Image Frequency Domain Filtering

Resource Overview

1. Fourier Transform of Images and Spectrum Centralization with fftshift Implementation 2. Rotational Property of Fourier Transform and Its Application in Image Analysis 3. Ideal Low-Pass Filter Implementation with Frequency Domain Masking 4. Butterworth High-Pass Filter Design Using Order and Cutoff Frequency Parameters

Detailed Documentation

This document explores four fundamental concepts in image frequency domain processing with practical implementation approaches:

1. Fourier Transform of Images and Spectrum Centralization: The 2D Fast Fourier Transform (FFT) converts spatial domain images to frequency domain representations. The fftshift function is commonly used to center the low-frequency components by rearranging the quadrants of the Fourier transform output. In MATLAB implementations, this involves using fft2() for transformation followed by fftshift() for spectrum centering, enabling better visualization and filtering operations.

2. Rotational Property of Fourier Transform: This property states that rotating an image in the spatial domain corresponds to an equivalent rotation in the frequency domain. This characteristic is leveraged in applications like image registration and rotational invariant pattern recognition. Code implementation typically involves comparing rotated versions of images through their Fourier magnitude spectra.
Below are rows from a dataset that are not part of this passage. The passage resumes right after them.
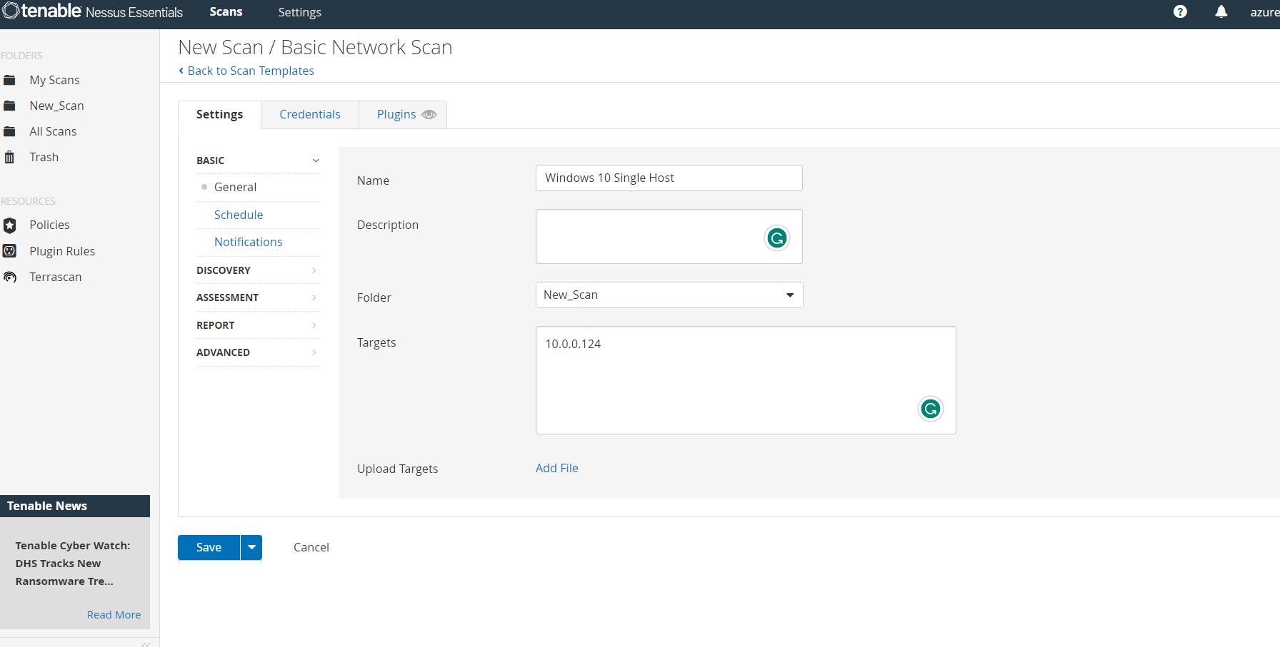 - In Nessus, we are going to create a new scan. Basic Network Scan < Settings. After naming the scan, the IP address of the VM can be placed under "Target". Then, click on "My Scans" and run the scan.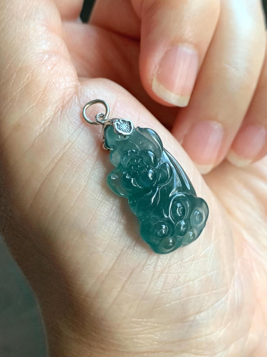 Natural Grade A Guatemalan Icy Translucent Dark Teal Blue Jade Jadeite Lotus Flower Lotus Pod Pendant Sterling Silver 天然冰危深蓝翡翠莲花莲蓬吊坠 WHP280A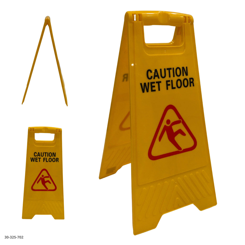 El mensaje “Caution Wet Floor” con pictograma de advertencia en color rojo y negro asegura alta visibilidad para peatones y empleados, incluso en zonas de alto tránsito.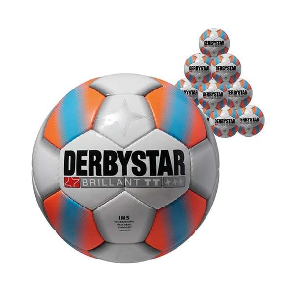 Derbystar Voetbal Brillant TT Wit oranje blauw 1238 10 stuks met gratis ballenzak en pomp € 219,95 incl. BTW incl. verzendkosten.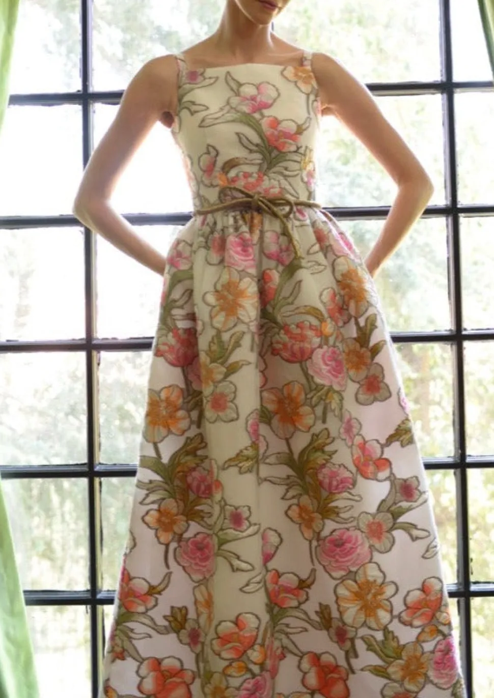 Known for using exquisite textiles from the finest European mills, Barbara Tfank’s collections are classic and timeless in French brocades, Italian silks, intricate jacquards, and more. Endlessly romantic, the Dirndl Skirt Gown is a fit-and-flare dress that features embroidered floral organza, and a stunning pink, green, and gold French brocade. A showstopper in any setting, and as graceful as it is sublime.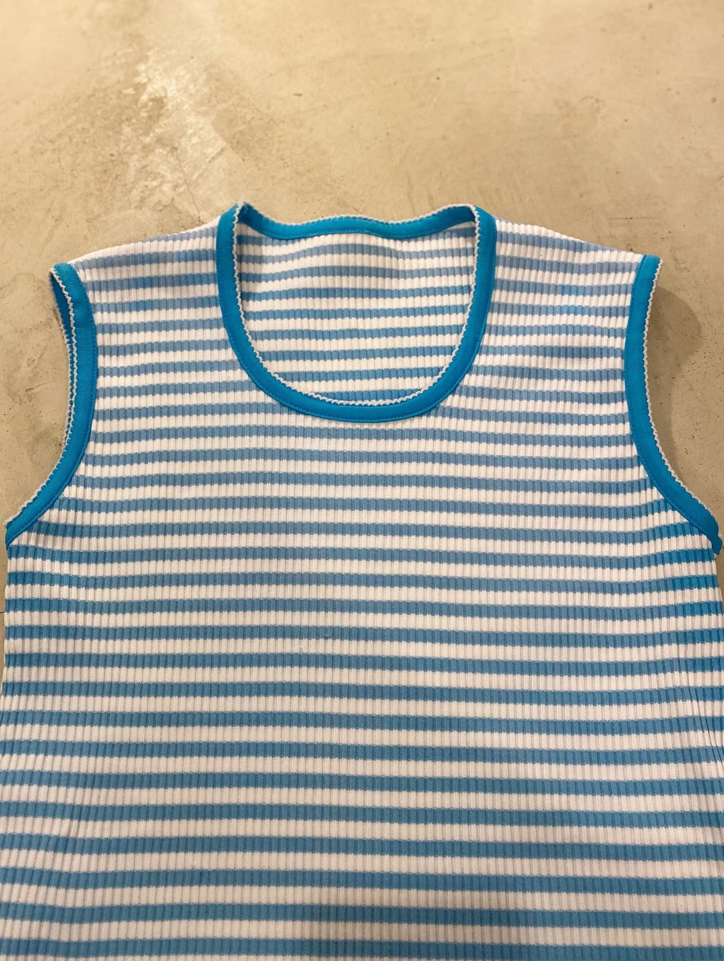 夏らしい爽やかなブルーが可愛いボーダートップス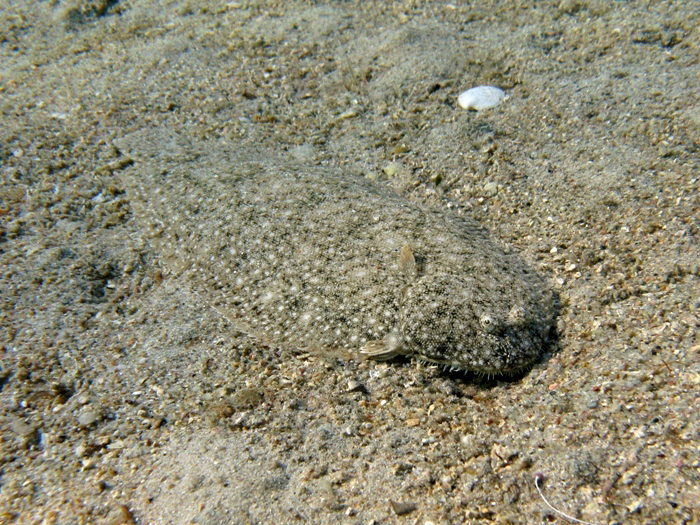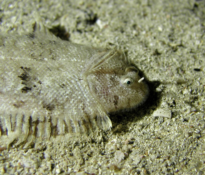 Sogliola fasciata di 12,5 cm, particolare della testa. 2,8 miglia al largo di Pesaro, luglio 2006

3. Ideal Low-Pass Filter: This filter perfectly preserves frequencies below a specified cutoff frequency while completely eliminating higher frequencies. Implementation involves creating a circular mask in the frequency domain with radius D0 (cutoff frequency) where values inside the circle remain unchanged and outside become zero. The filtering process follows: FFT → multiply with ideal mask → inverse FFT.
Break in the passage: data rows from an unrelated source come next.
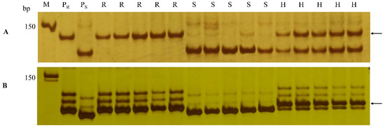 The leaf tissues of each F2:3 line were used for DNA extraction after disease resistance test following the CTAB protocol [44]. DNA concentration was determined using the Napdrop One (Thermo Fisher Scientific Inc, Madison, WI, USA) and was adjusted to 50 ng·mL−1. DNA bulks with resistant or susceptible phenotype were constructed by pooling equal amounts of DNA from 10 resistant and susceptible F2:3 lines each. DNA was amplified in a Biometra T3000 Thermocycler (ABI, New York, NY, USA). Each reaction mixture (10 μL) was composed of 5 μL mixture (including Taq polymerase, dNTPs, and 10× PCR buffer and Mg2+), 2 μL ddH2O, 1 μL DNA, and 1 μL 10 μM each of the forward and reverse primers. The profile of DNA amplification was set at 98 °C for 3 min; 35 cycles of 98 °C for 10 s, 55 °C–60 °C (depending on the specific primers) for 10 s and 72 °C for 25 s; 72 °C for 10 min. Products amplified were separated by 2% agarose gel or 8% non-denaturing polyacrylamide gel (Acr:Bis = 29:1).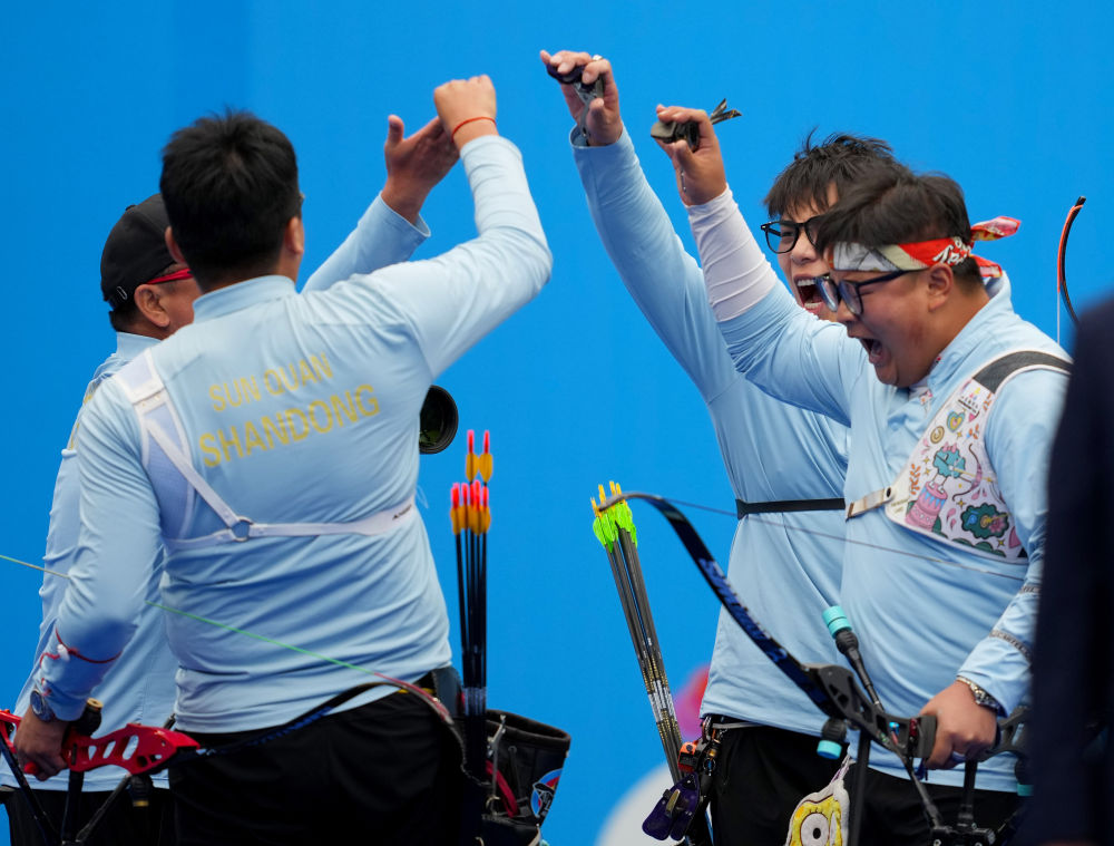背水一战的山东队及时调整,以57:51将总比分扳成4:4平,决赛被带入附加赛。在今年世界大学生运动会反曲弓混合团体赛中摘金的山东选手刘妍秀把握住机会,在附加赛中最后一位出场射中10环,将山东队送上最高领奖台。河南队也拿到了历史上首枚全运会射箭项目奖牌。
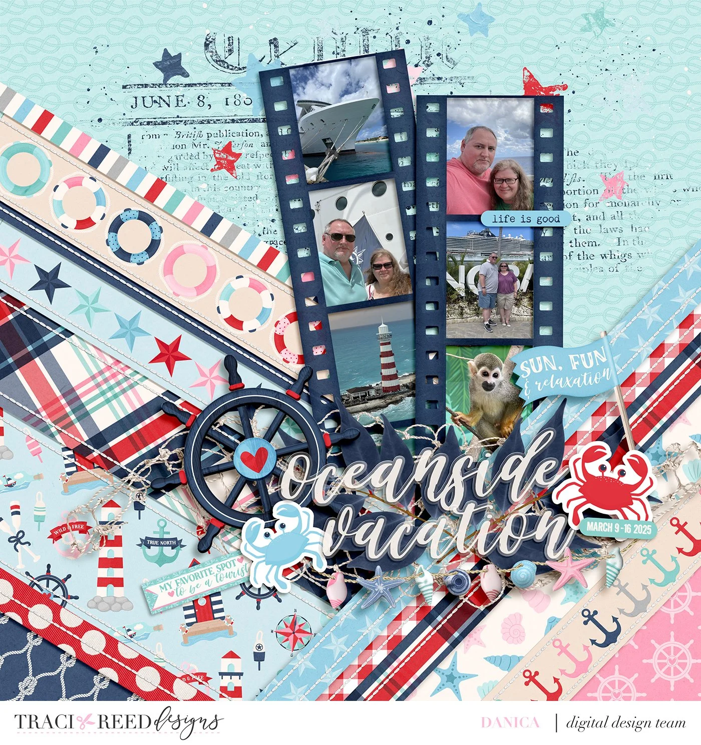 This layout was created with Traci’s True North collection and was lifted from a layout scrapped by fellow creative team member Nichole. The background was created with diagonal strips and then filled in with various papers from the collection. When putting it together, I made sure that the strong linear patterns were centered in the strips like the stars, anchors, etc.

4. Butterworth High-Pass Filter: A more gradual transition filter defined by its order n and cutoff frequency D0. The transfer function is H(u,v) = 1 / [1 + (D0/D(u,v))^(2n)], where D(u,v) is the distance from the frequency origin. Higher orders create steeper transitions. This filter preserves high-frequency details like edges while suppressing low-frequency content, making it ideal for image sharpening applications.

Mastering these concepts provides essential knowledge for frequency-domain image processing, with practical implementations involving FFT operations, filter design in the frequency domain, and inverse transformations to obtain filtered images.